IRT models are well suited for tracking change in health. IRT models offer considerable flexibility in longitudinal studies when the same items have not been administered at every data collection wave. Because trait level can be estimated from any subset of items, it is possible to have a good trait estimate even if the items are not identical at different time points. Thus, the optimal subset of items could be administered in theory to different respondents, and this optimal subset would vary, depending on their trait level at each time point. This feature of IRT models means that respondent burden is minimized. Each respondent can be administered only the number of items that are needed to establish a satisfactory small enough standard error of measurement. This feature of IRT also will help to ensure that the reliability of measurement is sufficiently high to allow for monitoring individual patients over time.

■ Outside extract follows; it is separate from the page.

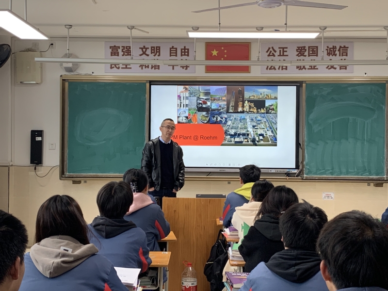 2023年3月24日(周五)上午1-2节,化学工程学院邀请罗姆化学企业专家雷忠哲为201化工04(国际)班的同学开设了一节公开课,主题为“PMMA生产工艺”。该班级同学未来的就业方向主要面向赢创和罗姆化学两家企业。

IRT can also help address the issue of clinically important difference or change (see the article by Testa et al32 in this issue). Anchor-based approaches have been proposed that compare prospectively measured change in health to change on a clinical parameter (eg, viral load) or to retrospectively reported global change.33 For example, the change in a health-related quality of life scale associated with going from detectable to undetectable levels of viral load in people with HIV disease might be deemed clinically important. Because IRT trait estimates have direct implications for the probability of item responses and items are arrayed along a single continuum, substantive meaning can be attached to point-in-time and change scores. Trait level change can therefore be cast in light of concrete change in levels of functioning and well-being to help determine the threshold for clinically meaningful change.

One suggested advantage of IRT over CTT is interval level as opposed to ordinal level measurement. Although interval level and even ratio level measurement has been argued for Rasch models34 and a nonlinear transformation of trait level estimates can provide ratio-scale type of interpretation,35 the trait level scale is not strictly an interval scale. However, it has been noted that assessing change in terms of estimated trait level rather than raw scores can yield more accurate estimates of change.36 Ongoing work directed at item response theory models of change for within-subject change that can be extended to group level change offers exciting possibilities for longitudinal analyses.37

Evaluating Person Fit

An important development in the use of IRT methods is detection of the extent to which a person’s pattern of item responses is consistent with the IRT model.3840 Person fit indexes have been developed for this purpose. The standardized ZL Fit Index is one such index: ZLI = ∑[ln L|θI − ∑E(ln L|θI]/(∑V[ln L|θI)),1/2 where ln = natural logarithm. Large negative ZL values (ZL< = −2.0) indicate misfit. Large positive ZL values indicate response patterns that are higher in likelihood than the model predicts.

Depending on the context, person misfit can be suggestive of an aberrant respondent, response carelessness, cognitive errors, fumbling, or cheating. The bottom line is that person misfit is a red flag that should be explored. For example, unpublished baseline data from HCSUS revealed a large negative ZL index41 for a respondent who reported that he was “limited a lot” in feeding, getting around inside his home, preparing meals, shopping, and climbing 1 flight of stairs but only “limited a little” in vigorous activities, walking >1 mile, and walking 1 block. The apparent inconsistencies in this response pattern suggests the possibility of carelessness in answers given in this face-to-face interview.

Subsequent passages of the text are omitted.